Behavior in Huntington's Disease
Abstract
The authors examined the relationship of three dimensions of behavioral change (Apathy, Depression, and Irritability) measured by the Problem Behaviors Assessment for Huntington's Disease (PBA-HD) to cognitive and motor indices of disease severity. The Apathy subscale was highly correlated with both cognitive and motor impairment; the Irritability and Depression subscales were not.

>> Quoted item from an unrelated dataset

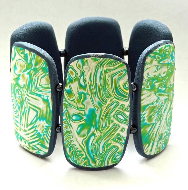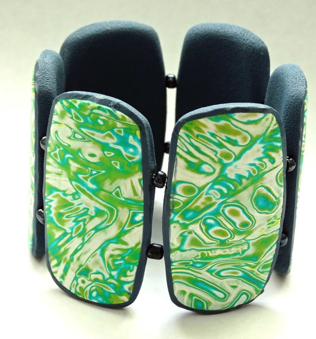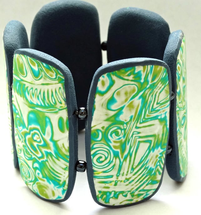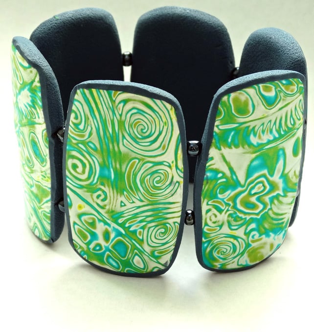 This is a polymer clay bracelet using the techniques developed by Melanie Muir. It is made by applying thin polymer clay veneers to the front of the beads. The back of the beads has been covered with textured plain blue grey clay to offset the bright colour scheme on the front of the beads. The beads are slightly curved for a comfortable fit. The beads are strung on an elasticated stringing material for ease of wear with small bead spacers between each large panel.

The findings suggest that certain behavioral alterations are intrinsic to the evolution and progression of HD, whereas others are more variable and are independent of other indices of disease progression.
Behavioral alterations in Huntington's disease (HD) are often the most distressing aspect of the condition for both patients and caregivers and are therefore often central to the practical clinical management of patients. Nevertheless, indices of disease severity are usually based on motor and cognitive measures. Experimental therapeutic interventions with striatal cell implants and neuroprotective agents aim to retard disease progression and restore basal ganglia function. If such treatments are to be successful, they should address behavioral as well as motor and cognitive symptoms. It is therefore important to understand how behavioral alterations are related to other features of HD.

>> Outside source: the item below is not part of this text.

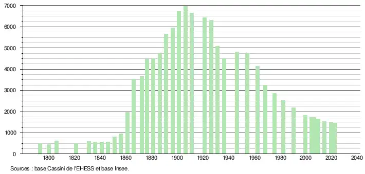 - ↑ Population municipale de référence en vigueur au 1er janvier 2025, millésimée 2022, définie dans les limites territoriales en vigueur au 1er janvier 2024, date de référence statistique : 1er janvier 2022.

Previous research has produced equivocal findings regarding this issue; some studies have shown a relationship between behavioral alterations and measures of disease severity;1–3 however, most have not.4–8 This has led some researchers to conclude that unlike the cognitive and motor aspects of the condition, behavioral changes are “heterogeneous, episodic, and without clear additive temporal progression.”8 However, previous studies have focused primarily on affective changes such as depression and irritability, which are not representative of the full range of behavioral changes in HD.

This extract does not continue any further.